La Bolivie teste une AOC pour son quinoa
Le deuxième exportateur mondial de quinoa veut généraliser la certification bio de sa production. Un système pilote d’AOC est actuellement testé en vue d’un lancement l’an prochain.
La valeur du quinoa a fortement chuté en deux ans. On s’est mis à cultiver la « graine des Incas » dans le Wisconsin, en Andalousie et même en Anjou, tandis qu’en Bolivie et au Pérou, elle pousse en altitude, mais maintenant aussi dans les vallées. La chute du prix a été abyssale. Les importateurs européens payaient la tonne de quinoa 4 712 euros en moyenne en 2014 contre 2 400 euros cette année, selon Eurostat.

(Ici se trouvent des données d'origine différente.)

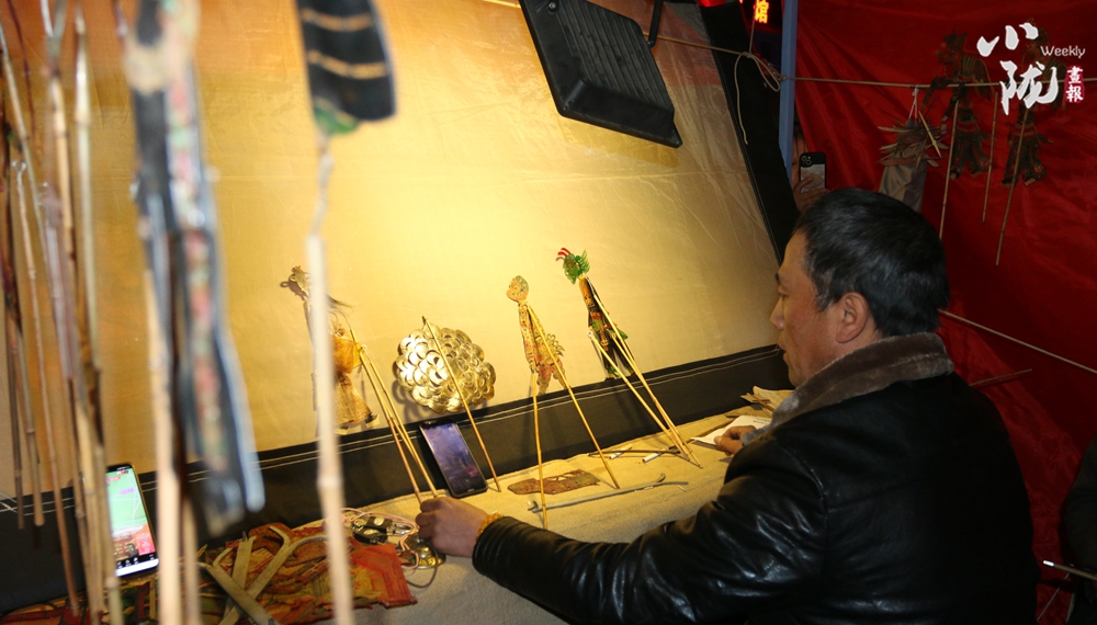 一張幕布、兩盞白熾燈、四五老藝人、七八件簡單樂器,藝人在白色幕布后面,一邊用手操縱戲曲剪紙人物,一邊用本地流行曲調(diào)唱述故事,同時(shí)配以器樂以增加演戲氣氛。

L’an dernier, ce prix moyen était déjà descendu à 3 825 euros/t, pour 19 800 tonnes de quinoa achetées auprès de pays tiers par les importateurs de l’UE à 27, soit une valeur totale de près de 76 millions d’euros. Toujours selon Eurostat, de janvier à août 2016, les achats exclusivement français de graines, d’origines péruvienne et bolivienne surtout, ont déclaré des valeurs de 2 200 à 2 600 euros/tonne.
Le Pérou, 1er exportateur mondial
Les volumes importés sont stables après une hausse aussi brusque que continue depuis trois ans. L’Allemagne a importé seize fois plus de quinoa en 2015 qu’en 2012. L’Italie et le Royaume-Uni ont presque décuplé leurs achats sur cette même période, et la France est en tête du mouvement. Sans compter les opérations intra-européennes.
Face au risque d’une certaine dévalorisation du quinoa, les pays exportateurs s’organisent. La Bolivie a perdu il y a peu son rang de premier exportateur mondial au profit du Pérou où les producteurs ont réussi à obtenir de bons rendements dans les vallées. Les exportateurs boliviens font dorénavant tout pour se différencier par la qualité, faire considérer l’aliment à sa juste valeur nutritionnelle, comme une spécialité.
La Chambre bolivienne des exportateurs de spécialités andines pilote depuis cette année un système d’AOC de quinoa de Bolivie avec une dizaine de producteurs. Son lancement officiel est prévu pour 2017, selon la gérante de la Chambre, Paola Mejía. « Actuellement, environ 15 % de nos envois de quinoa vers l’Europe sont certifiés bio. Avec ce projet d’AOC, nous voulons parvenir à un taux proche de 95 % », dit-elle. « Les prix de septembre [que reçoivent les exportateurs] vont de 2 400 à 2 800 dollars », renseigne-t-elle.
Parmi les pays andins qui ont des terres aptes à la culture de quinoa, tout le monde n’est pas logé à la même enseigne. En Argentine, au potentiel énorme, on ignore les volumes récoltés, de l’aveu du ministère de l’Agro-industrie, et on n’exporte rien. Les semences font défaut. Dans le nord-ouest du pays, pas plus de 400 familles en cultivent, et elles obtiennent des rendements proches de 200 kg par hectare. À comparer aux 1 000 kg/ha courants en Bolivie, fait remarquer le technicien de l’INTA (équivalent argentin de l’Inra), Guillermo Aracena. « Les producteurs ne vendent même pas ensemble leur production, regrette-t-il, la seule vente collective considérable de quinoa, qui a eu lieu à Jujuy l’an dernier, fut grâce à un achat exceptionnel de 10 tonnes par le gouvernement local. » Dans tout l’Altiplano, ces jours-ci, on sème le quinoa. La récolte aura lieu en avril et mai. Les prix devraient alors sans doute encore baisser sous le poids de l’offre.